Photo: Marcos Castillo/Shutterstock

12 Things Everyone From Mexico City Has to Explain to Out-of-Towners

Travel
by Rulo Luna Ramos May 29, 2015

1. Do you want cheese with those quesadillas?

Yes, you have to order them like that and neither we nor the quesadillas lady care if this is some sort of etymological nonsense. If you insist on cheese and are reluctant to pay extra for it… you’ll just have to prepare your own quesadillas.

2. What’s the deal with those water bottles in gardens?

Not so long ago, a Mexico City entrepreneur decided there was no better way to keep unwanted dogs away from gardens than to scare the shit out of them with the thing they hate the most: bottled water. Logic and science failed to explain any kind of relation between canines and bottles, but the strange solution was already trending throughout the whole city… let’s give it a shot, they said, maybe it really works, they said. It obviously doesn’t work; however, there are still people out there who believe in the power of the bottle.

3. Why do we have so many streets named after rivers that don’t even exist?

Well they do exist! They run through a big tube below their corresponding streets.

4. What the hell is chito?

The legend tells us that this strange looking snack — common to street food stalls around Chapultepec — is made of dried horse or donkey meat. Most of us consider this to be a myth; however, most people I know have never tried it precisely because of that myth. What the hell is chito made of? Maybe that should remain a mystery.

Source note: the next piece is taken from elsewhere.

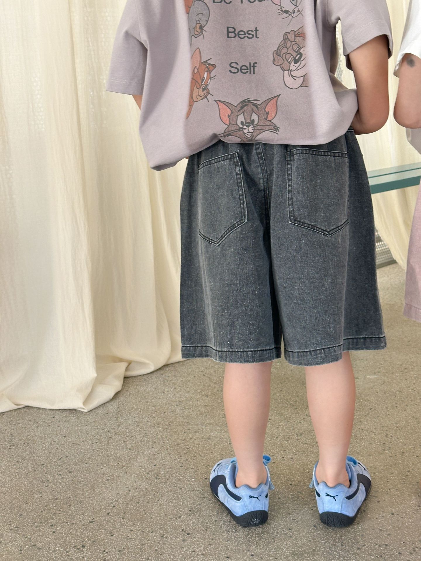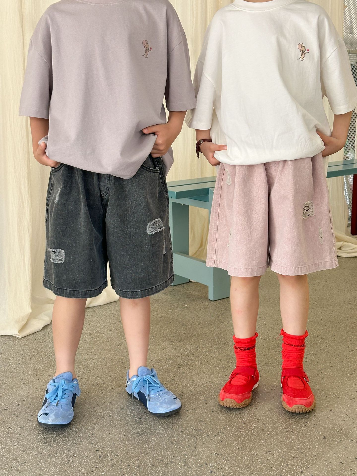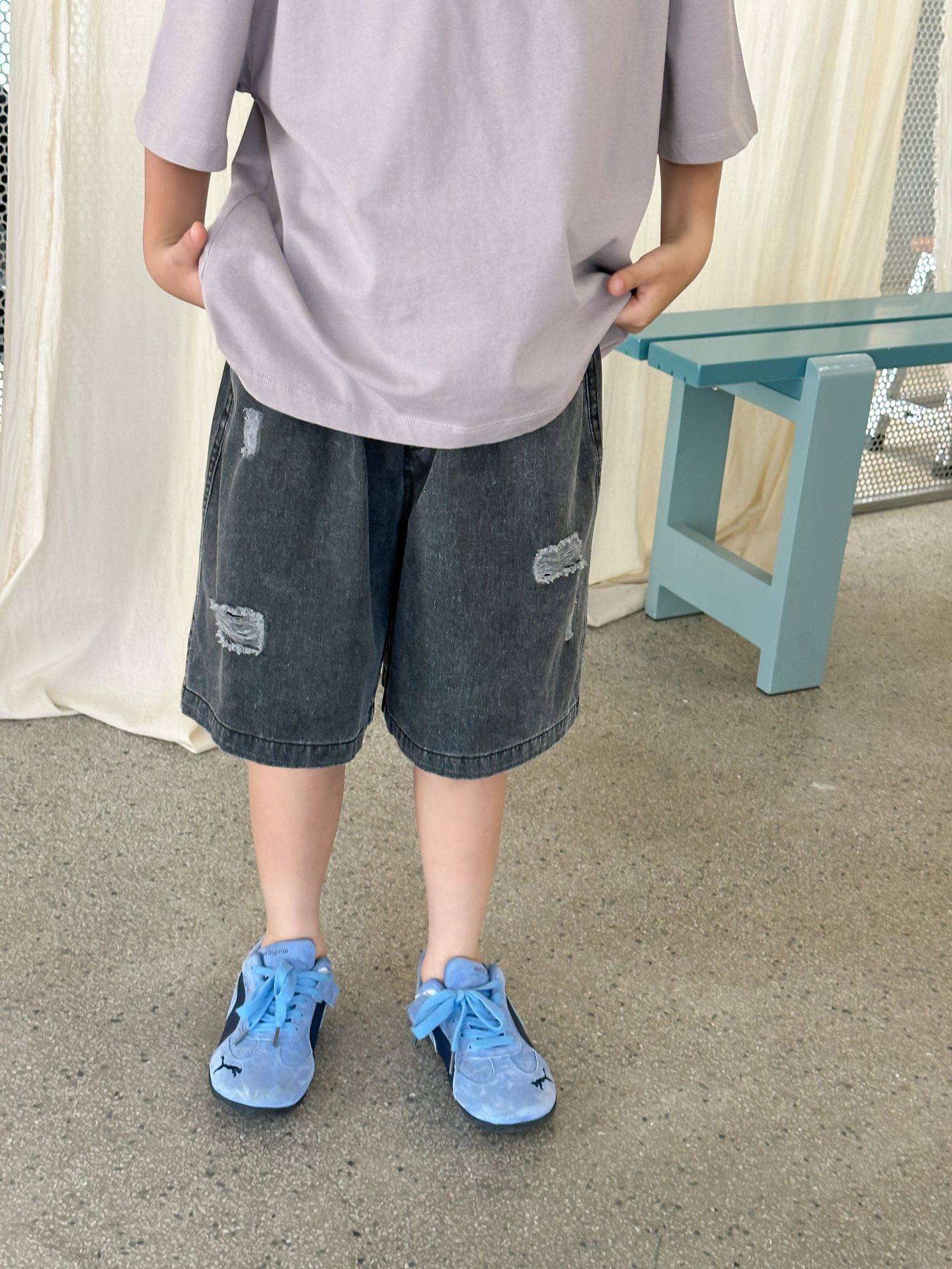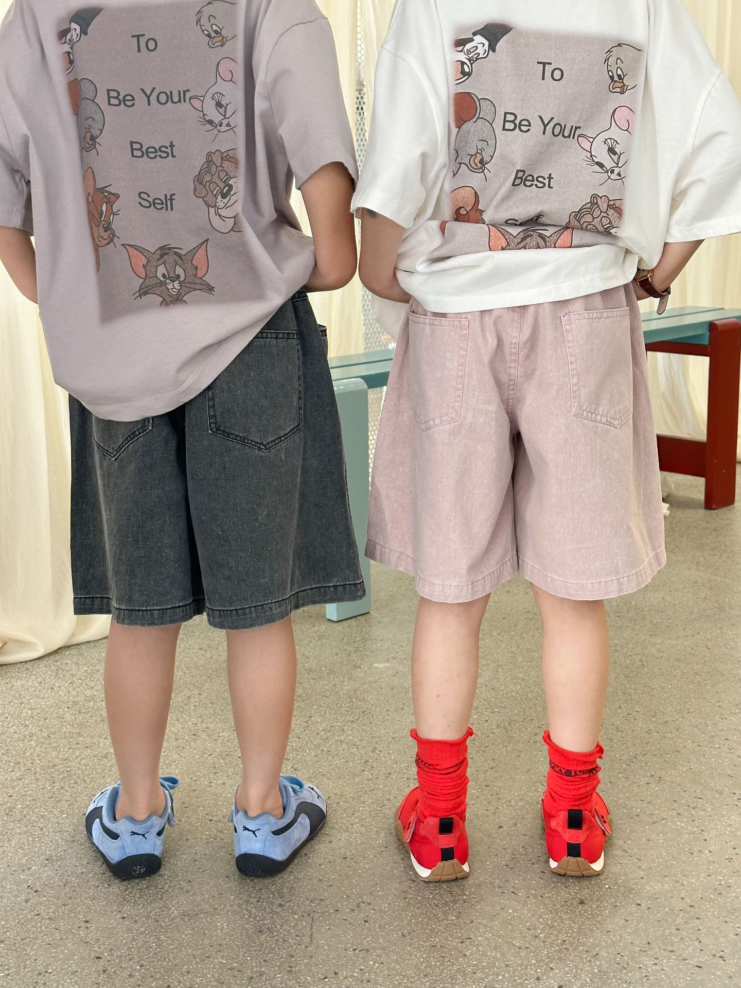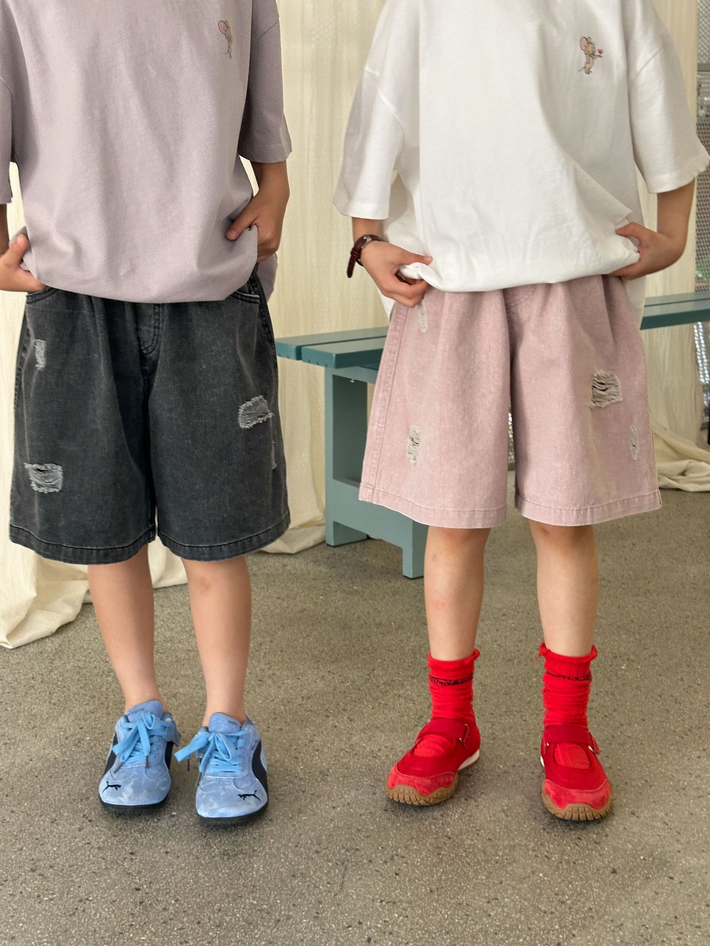 2025 년 여름 새 아동복 한국 스타일 어린이 워시 페이드 향수 구멍 반바지 소년 소녀를위한 유행 캐주얼 미드 팬츠스토어 가기

5. Where did “the most transparent region of the air” go to?

It didn’t go anywhere, it’s still here! We just have to get rid of the extra suspended particles with a gale or a stormy night. The name used by Alexander von Humboldt to describe the Mexico Valley lies beneath a hundred and something IMECA points.

6. Why are chilaquiles always served with bread rolls?

Because we just love gigantic breakfasts. The more carbohydrates the better!

7. What does “under the clock” really mean?

“I’ll meet you under the clock” is a phrase any Metro connoisseur uses quite frequently. The phrase is completely understandable to locals, but disaster strikes every time a foreigner has to confront such directions. “Under the clock” is a simple reference to the middle part of the train platform, where there is a small signal indicating the train’s direction and an even smaller screen that’s always off or showing some inscrutable characters. That little black screen, when working properly, serves as a clock. Don’t tell me you couldn’t figure that out on your own!

8. Why do we fill buckets with cement and stick a metal rod in the middle?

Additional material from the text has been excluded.